• Information shown

---

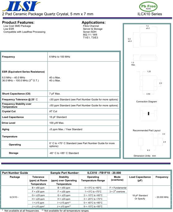 ESR (Equivalent Series Resistance) 8 MHz – 48 MHz 36 MHz – 100.0 MHz (3 rd O.T.) |
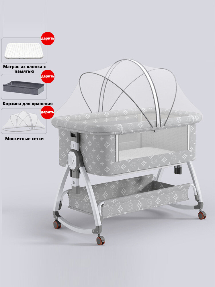 Многофункциональная детская кроватка из алюминиевого сплава, которую можно передвигать и складывать, серая
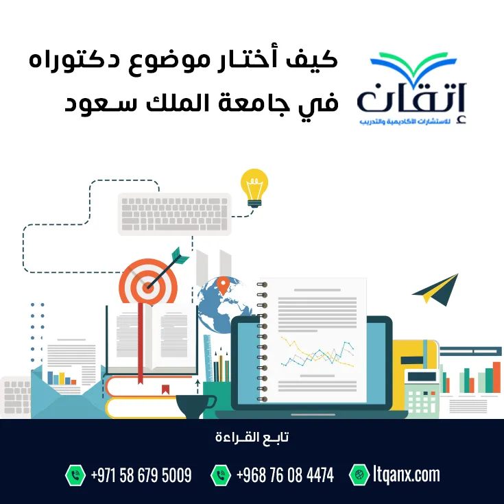 في الختام، بعد الإجابة عن سؤال كيف أختار موضوع دكتوراه في جامعة الملك سعود؛ فإنه يُعد خطوة علمية محورية تحدد مسار الباحث الأكاديمي ومستقبله البحثي، وعمقًا في التحليل، وفي هذا الإطار يمكن الاستفادة من الدعم الذي تقدمه جهات متخصصة مثل إتقان للاستشارات الأكاديمية والتدريب، التي توفر خدمات الإرشاد الأكاديمي والتوجيه في اختيار موضوعات بحثية مناسبة وصياغتها بشكل علمي احترافي، وتقدم الشركة خدماتها عبر فروعها وممثليها في المملكة العربية السعودية والإمارات والكويت وعُمان وغيرها من الدول العربية، ونقدم لك أفضل مراكز لعمل رسائل الماجستير، ويمكن التواصل مع الشركة عبر الواتساب.

---

Repeat the whole of the material above exactly, but keep the pictures out.

 ESR (Equivalent Series Resistance) 8 MHz – 48 MHz 36 MHz – 100.0 MHz (3 rd O.T.) |
 Многофункциональная детская кроватка из алюминиевого сплава, которую можно передвигать и складывать, серая
 في الختام، بعد الإجابة عن سؤال كيف أختار موضوع دكتوراه في جامعة الملك سعود؛ فإنه يُعد خطوة علمية محورية تحدد مسار الباحث الأكاديمي ومستقبله البحثي، وعمقًا في التحليل، وفي هذا الإطار يمكن الاستفادة من الدعم الذي تقدمه جهات متخصصة مثل إتقان للاستشارات الأكاديمية والتدريب، التي توفر خدمات الإرشاد الأكاديمي والتوجيه في اختيار موضوعات بحثية مناسبة وصياغتها بشكل علمي احترافي، وتقدم الشركة خدماتها عبر فروعها وممثليها في المملكة العربية السعودية والإمارات والكويت وعُمان وغيرها من الدول العربية، ونقدم لك أفضل مراكز لعمل رسائل الماجستير، ويمكن التواصل مع الشركة عبر الواتساب.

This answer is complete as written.